How can we safely implement `bytemuck::Pod` generically?

[ripytide]

I was going to add bytemuck::Pod back to the types when I saw that bytemuck has a derive macro for it so I was going to use that but it won't let me:

rustc: Pod requires cannot be derived for non-packed types containing generic parameters because the padding requirements can't be verified for generic non-packed structs

It seems that since the generic type T could be have padding in it we can't implement Pod on it safely. Is there a DoesNotContainPadding marker trait of some sort so we can implement this safely?

In v0.8 this was implemented simply as:

unsafe impl<T> crate::Pod for RGB<T> where T: crate::Pod {}

But as mentioned this is not a safe implementation so I'd like to restrict it a bit more so it becomes safe.

[kornelski]

Unfortunately there's no trait for no padding.

nevermind, wrong example

~~Indeed the current blanket impl is unsound~~ I haven't considered that alignment can add padding, and it seems to even override `packed`!: ```rust #[repr(align(16))] struct Ooopsie(u8); #[repr(packed)] struct Rgb(T, T, T); // size_of::>() is 48 ```

size_of and align_of are const, so maybe it would be possible to hack some static assert that checks for padding? (like this)

[ripytide]

I was thinking we just make another unsafe marker trait and then use that as a bound when implementing Pod:

unsafe trait NotPadded { }

And then implement it on all the core types. Then users could implement it on their own types too but they would have to make the unsafe trait impl which shifts responsibility onto them.
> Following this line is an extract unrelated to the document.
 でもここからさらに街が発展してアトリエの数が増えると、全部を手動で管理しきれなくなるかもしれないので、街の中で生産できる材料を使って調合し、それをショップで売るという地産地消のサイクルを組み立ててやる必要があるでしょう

Really this is the sort of trait I'd hope to find in the bytemuck crate but alas it seems they don't have it.

[kornelski]

Pod implies lack of padding already. So actually my previous example was wrong, because u8 with align >1 is not allowed to have Pod implemented.
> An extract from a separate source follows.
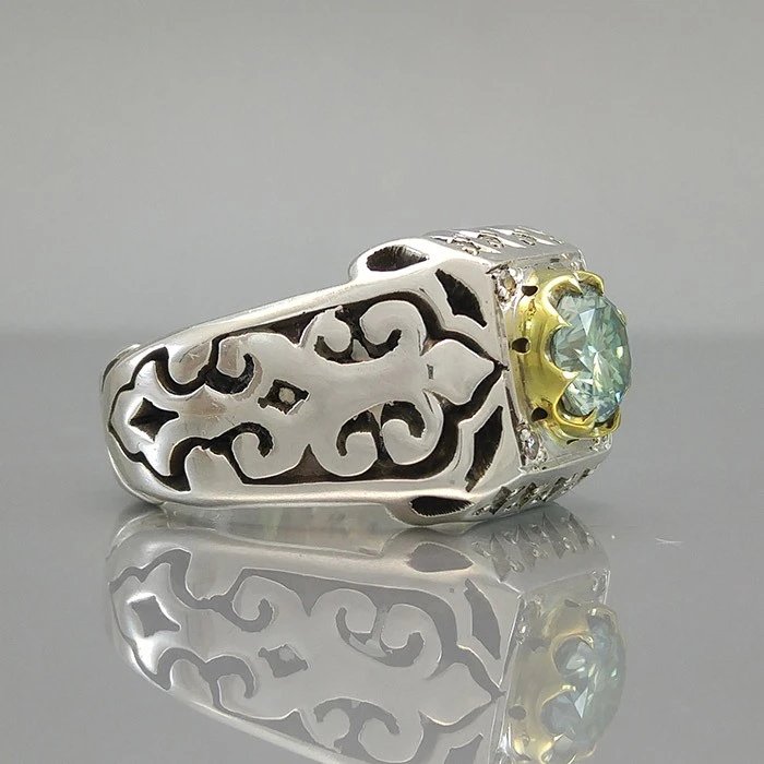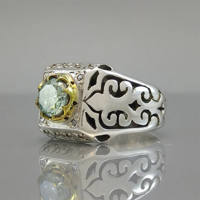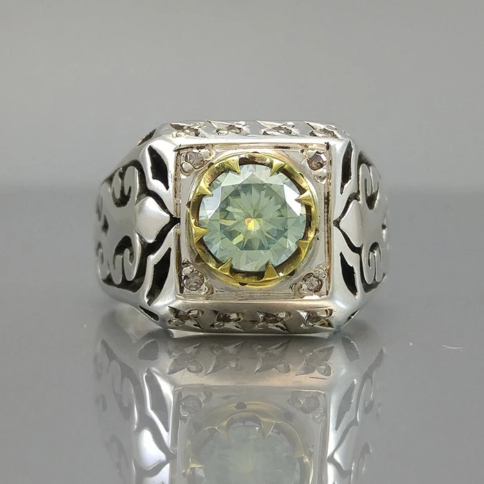 انگشتر نقره مردانه موزنایت (الماس روسی) کد S2153

In that case Pod for Rgb<T: Pod> is fine. It's only Rgba<T: Pod, A: Pod> that's unsound, because the two types could have different alignment, without having padding themselves. It requires align_of::<T> >= align_of::<A>()

[ripytide]

Ah okay, thanks for your advice, I very rarely get this low level in rust/programming in general so I don't really know what I'm doing :smile:

In this case should we still impl<T: Pod, A: Pod> Pod for Rgba<T, A> with an const assertion of align_of::<T> >= align_of::<A>(), is that enough to guarantee soundness?
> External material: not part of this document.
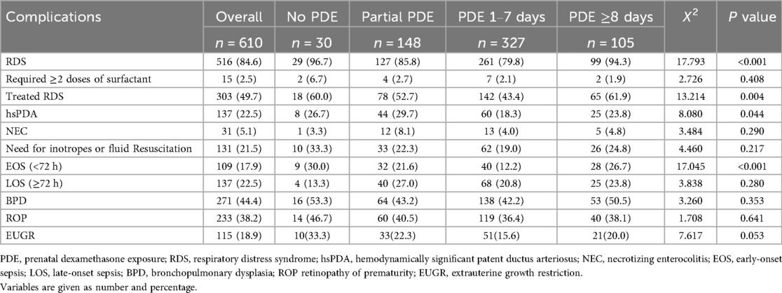 A total of 755 VLBW infants and VPIs were admitted to our neonatal unit from 2022 to 2024. After applying exclusion criteria—including receipt of more than one course of dexamethasone therapy, hospitalization duration <28 days, missing data on prenatal dexamethasone exposure, and chromosomal or genetic abnormalities—145 infants were excluded. The final analysis comprised 610 neonates. Table 1 presents the characteristics of the study participants. The median gestational age and birth weight of the study population were 29.9 [28.3, 31.0] weeks and 1,261.0 ± 312.5 g, respectively. The overall rate of PDE was 95.1% (580/610), with PDE administered 1–7 days before preterm birth in 56.4% of cases.

The impls for Rgb and non-alpha types can then stay the same as they were in v0.8?

[ripytide]

Wait nevermind I don't think it's possible to add a const assert statement into a trait impl. I'll just implement Pod for Rgba<T> for now then, we can always expand the trait impl later if we figure out a way to make it work for heterogeneous pixels.

[kornelski]

It's possible to fail this at compile time (usize can't be negative):

const BREAK: usize = std::mem::align_of::<T>() - std::mem::align_of::<A>();

but unfortunately this is evaluated lazily. fn new() { Self::BREAK; } works, but constructing via literal can still cause unsoundness.

I couldn't find a way to force this check at compile time, so this will have to be limited to uniform types.